After being a little loose defensively in some of their recent victories, this Tampa Bay win had more of the template they used in the bubble on their Cup run. “Guys were committed to defending and hence that’s how you win 2-1 games,” Cooper said.
• Man, hockey players are crazy tough. Cernak took a shot off a place on the knee with no padding, came out and then returned soon after. Roope Hintz looked like he was done for the season after falling on his legs awkwardly, then getting carried into the lockeroom, but then came back moments later. And then there was Mikhail Sergachev, who took an errant Vasilevskiy clearing attempt off the face. He went to the room to get blood cleaned off and likely some stitches. Vasilevskiy apologized postgame.
Both seemed to have a good sense of humor about it.

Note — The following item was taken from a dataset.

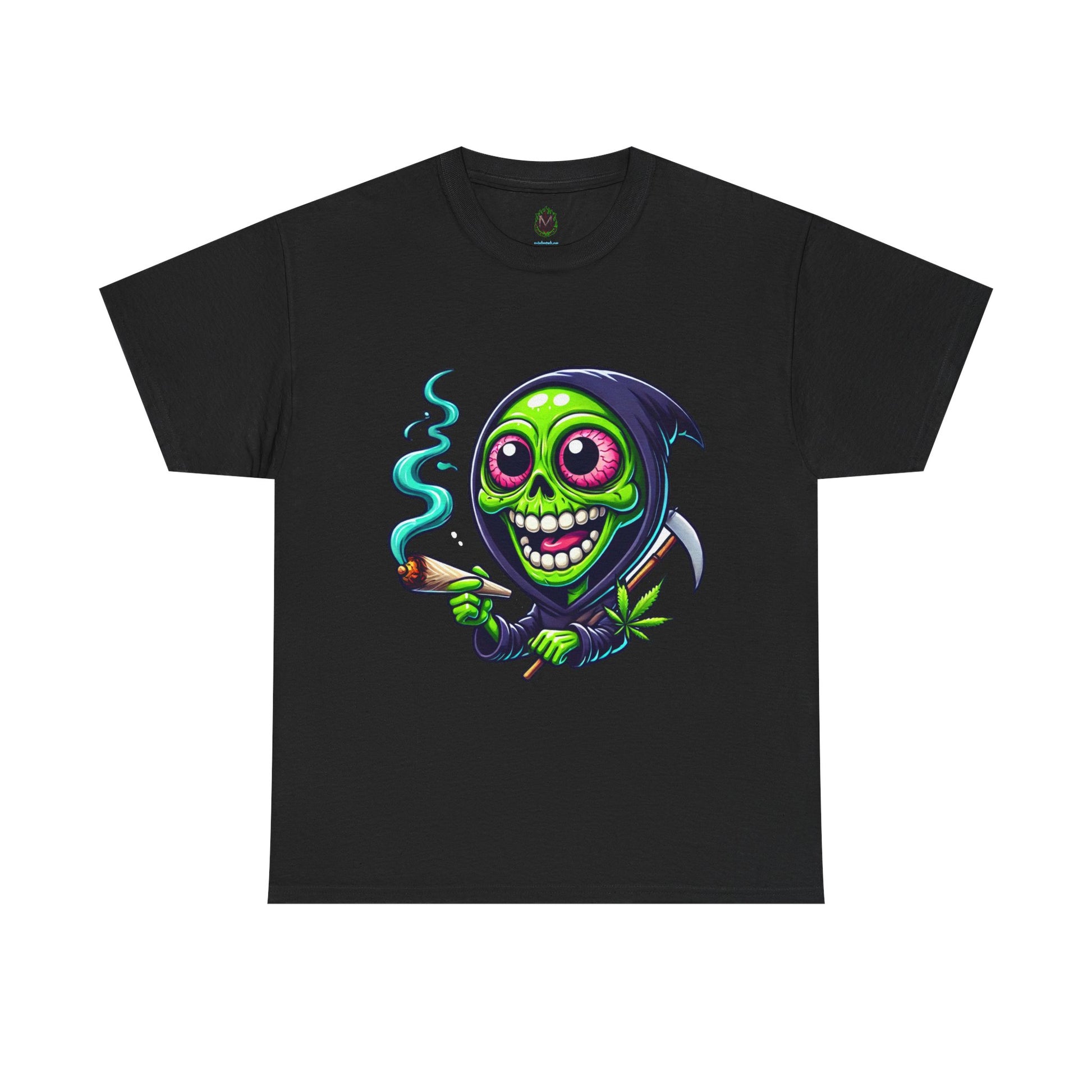 Kick back and relax with the "Grim Reefer" Funny Weed T-Shirt, featuring a humorous spin on the grim reaper character. This vibrant green skeleton, complete with bloodshot eyes and a wide, chill grin, holds a smoking joint and a scythe decorated with a cannabis leaf. Ideal for anyone who enjoys edgy humor, cannabis culture, and unique graphic tees.

“Just trying to put it on the boards and Sergy’s face was in the way,” Vasilevkiy said. “I apologized already. Obviously it’s not good for the team or his face, but it happens.”
• The Lightning were already shorthanded defensively with Ryan McDonagh missing the game due to a lower body injury suffered Sunday. Cooper said they hope McDonagh will play on this three-game road trip, which ends Saturday in Carolina, but didn’t sound optimistic. At least it doesn’t seem like it’s a serious injury, which the Lightning can ill afford.
• McDonagh’s injury allowed Andreas Borgman an opportunity to play in just his second game of the year (and 50th in the NHL). Borgman looked pretty good, too, playing with confidence and poise, earning the coaches’ trust to play 14 minutes, 13 seconds alongside Foote on the third pair.
“He played really well,” Cooper said. “He skated well, was up in the play, made great outlet passes. It’s tough to play when you’re not playing and constantly practicing, not getting a whole lot of game action and then play a quality opponent. But he just kept it simple and when you usually do that you have success.”
• Yanni Gourde had a goal for the fourth straight game, giving him 12 in 32 games this season (already more than the 10 he had in 70 last year, when he went through a two-month goal drought). It doesn’t even seem like the same player confidence-wise offensively.